Christopher Maksym, Pharm.D.
Director, HCS
HomeMed operates as a business unit where commodity procurement, receiving, insurance verification, claims processing and cash application operation activities are all completed within the pharmacy located at 2850 S. Industrial Hwy., which is approximately 2 miles south of the main medical campus.   A positive net margin is consistently generated in the area and this contributes to the health system margin target and support of non-revenue generating activities.  Clinically, patient care, quality and process improvement programs are integrated into the health systems institutional plan and contribute to maintaining the institution’s tradition of leadership in healthcare

 

 

 

 

Service Description and Background

 

HomeMed is a licensed pharmacy and home infusion provider responsible for providing a wide range of  products and services to safely and effectively facilitate care to UMHS patients in the convenience and comfort of their home.  Since 1989, HomeMed has been providing infusion medications, nutritional therapy, specialty drugs, high-tech infusion nursing and care management services throughout Michigan and Northern Ohio. An interdisciplinary team consisting of pharmacists, nurses and dietitians along with technical, administrative and support staff totaling 101 FTEs provide pharmacy compounding, equipment management, dispensing, delivery and care management services to ensure that patient home regimens are safe and effective throughout the course of therapy.  Staff have direct access to up-to-date and complete medical and patient drug information which facilitates effective and efficient collaboration with physicians and other caregivers within the health system. In order to ensure a smooth transition to home care, HomeMed has a hospital-based training and education team; this team consists of nurses and dietitians who work with patients and the referring health care team to ensure that home care needs are identified prior to hospital discharge and infusion nurses who provide care for the patient in the home.

 

 

Although HomeMed resides within the Home Care Service division in the Hospital and Health Centers corporate structure an administrative relationship exists between HomeMed and the Department of Pharmacy Services.
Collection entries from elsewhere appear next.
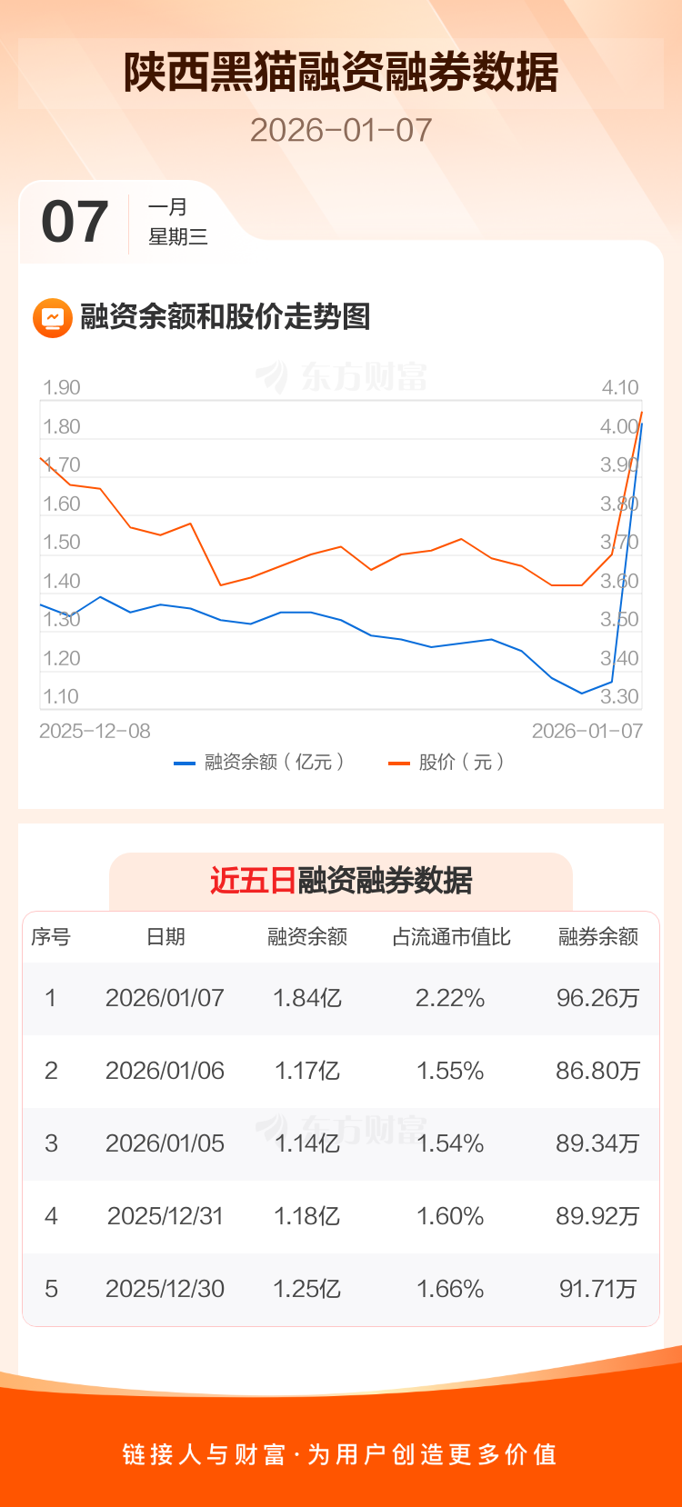 交易所最新数据显示,陕西黑猫于2026年1月7日获融资买入8402.96万元,融资偿还1680.80万元,当日融资净买入6722.16万元。目前,该股融资余额1.84亿,占流通市值比例为2.22%。
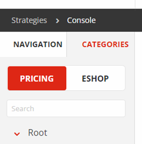 Zde jsou kategorie, ve kterých se ručně, nebo dle pravidel umísťují produkty. Na adresáře jsou aplikovány rozdílné cenové strategie. Standardně jsou k dispozici adresáře jako Balanced, Sale, BestPrice a Manual Repricing. V tomto stromu je možné kategorie zakládat, měnit popis, mazat.
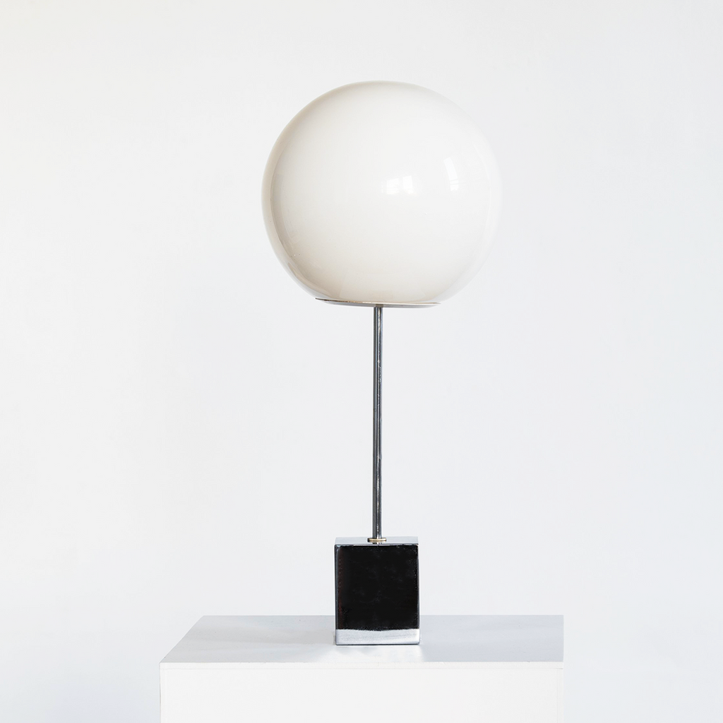 Robert Sonneman Lollipop table lamp with a weighted chrome cube shaped base, tubular stem and spherical glass globe designed and produced in the 1970’s. Designed in the years following the height of atomic age design, this lamp is an exploration of shape. This lamp is in great vintage condition and retains its Robert Sonneman sticker on the interior base. Recently rewired.
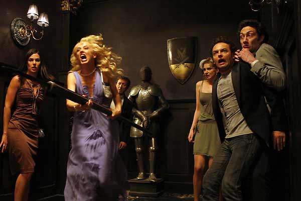 Rappelant vaguement celle des Morsures de l’aube d’Antoine de Caunes, l’histoire est ici un banal prétexte. En gros, une bande de fêtards passés maîtres dans l’art de taper l’incruste dans des soirées hype pour y jouer les pique-assiettes se retrouvent un jour piégés dans un luxueux château, peuplé de vampires qui souhaitent en faire leur buffet. Rien de bien extraordinaire, donc, et à vrai dire, pas non plus de quoi transcender un pitch de sitcom KD2A où seule compte l’envie de caser de la blagounette kikoolol dans un cadre pseudo-fantastique. C’est surtout l’humilité des deux réalisateurs qui se révèle rafraichissante. Avec un casting riche en gueules (on en repère une poignée qui trustait quelques-unes des meilleures scènes de La Cité de la peur) et un budget très confortable de 5,5 millions d’euros (même nos films d’horreur français n’ont pas la moitié de ça !), Lobelle & Cafiero auront fait le choix de faire tanguer davantage leur pur film d’horreur vers le rire, sans pour autant faire preuve de cynisme ou de condescendance vis-à-vis du genre exploré. Ceci explique sans doute pourquoi la plus grande qualité de ce premier film reste sa mise en scène. Entre un décorum chiadé, des effets spéciaux parfaits et des maquillages constamment crédibles, la faculté des réalisateurs à construire un univers tangible et jamais cheap force le respect, surtout avec un budget aussi réduit. Le jeu sur les échelles de plan et un joli nombre de trouvailles visuelles bien senties (mention spéciale à ce vampire dont les dents pointues sont sans cesse cachées par le bras d’un serveur) offrent ici une efficacité et un dynamisme qui tranche avec le néant créatif de nos comédies franchouillardes torchées vite fait mal fait par (et pour) la télé.
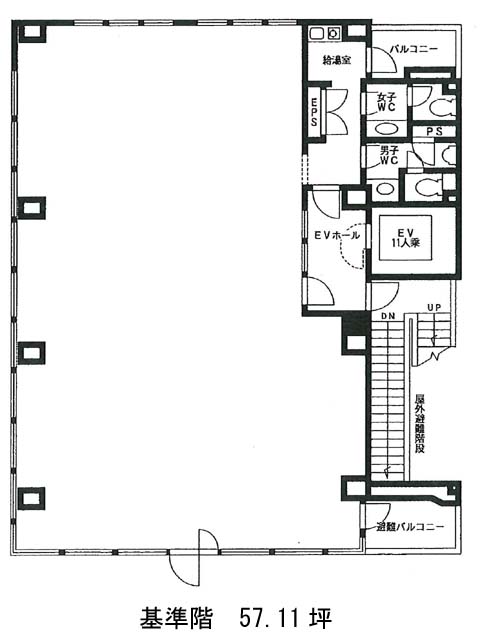 基準階は約57坪。ほぼ整形の間取りで、柱が外周部に配置されているため、レイアウトの自由度が高い点が魅力です(OAフロア仕様)。

Thus many administrative, pharmacy practice and educational activities are collaborative and integrated.  There is HomeMed representation on several Department of Pharmacy and Health System committees.   Additionally, most HomeMed clinicians and leaders hold academic appointments within the University reflecting the commitment to teaching, experiential training and research.

 

 

2006 Year in Review

 

Referral Activity

 

An average census of 1,171 patients was maintained by processing 1,983 (41%) new patient therapy referrals and 2,984 (59%) existing patient therapy or existing patient new therapy referrals.  HomeMed referrals are obtained exclusively from UMHS where on average 66.3% of patient referrals (an average 65.3% of therapies) processed by Discharge Planning were referred to HomeMed opposed to other home infusion providers.

 

The majority (63%) of home infusion therapy referrals originate from inpatient hospital discharges.  Thirty-three percent of HomeMed referrals come from ambulatory care areas with the Cancer Center being the predominant origin of referrals in this category.  The remaining four percent of referrals originate in either the emergency department, primary care sites or in the home where typically a previous patient is restarted on a therapy previously administered in the home.

 

Of patients not referred to HomeMed, the majority (81%) were not serviced by HomeMed due to previous provider relationship and preferred provider payor agreements as assessed by the discharge planning clinician.  Additionally, the benefit change to Medicare Part D necessitated transfer of many existing “dual-eligible” Medicaid/Medicare patients from HomeMed to another participating provider.

 

 

 

 

 

 

 

 

 

Pharmacy Operation Activity

 

Selected metrics are presented in the table below and illustrates a decrease in activity and this correlates with the decrease in revenue realized.

 

FY '06 Total

Monthly Average FY '06

FY '06 % Change -Vs- FY '05

Total Orders Processed

26,904

2242

-2.8%

Total Prescriptions Filled

43,703

3642

1.7%

Total Units Admixed by Therapy

89,143

7,429

-19.17%

New Therapy Starts

4,281

357

-4.1

Total Infusion Days

315,733

26,311

-5.3%

HomeMed Deliveries

13,858

1,155

-4.3%

Sub Contracted-HomeMed Deliveries

10,141

845

2%

Total Deliveries

24,004

2000

-1.7%

Percent HomeMed Deliveries

57.73

 

 


 

 

Drug Spend and Inventory Management

 

The HomeMed drugs spend was $6.4 million and this represented approximately 35.41% of the total operating expense.  Five therapies (i.e., anti-hemophilia factor, antibiotics, intravenous immunoglobulin, anti-fungal agents and blood component stimulating factors) comprise 83% of the annual drug expense as illustrated below.

 

 

Ten pharmaceuticals comprise 36% of the total drug spend as illustrated graphically.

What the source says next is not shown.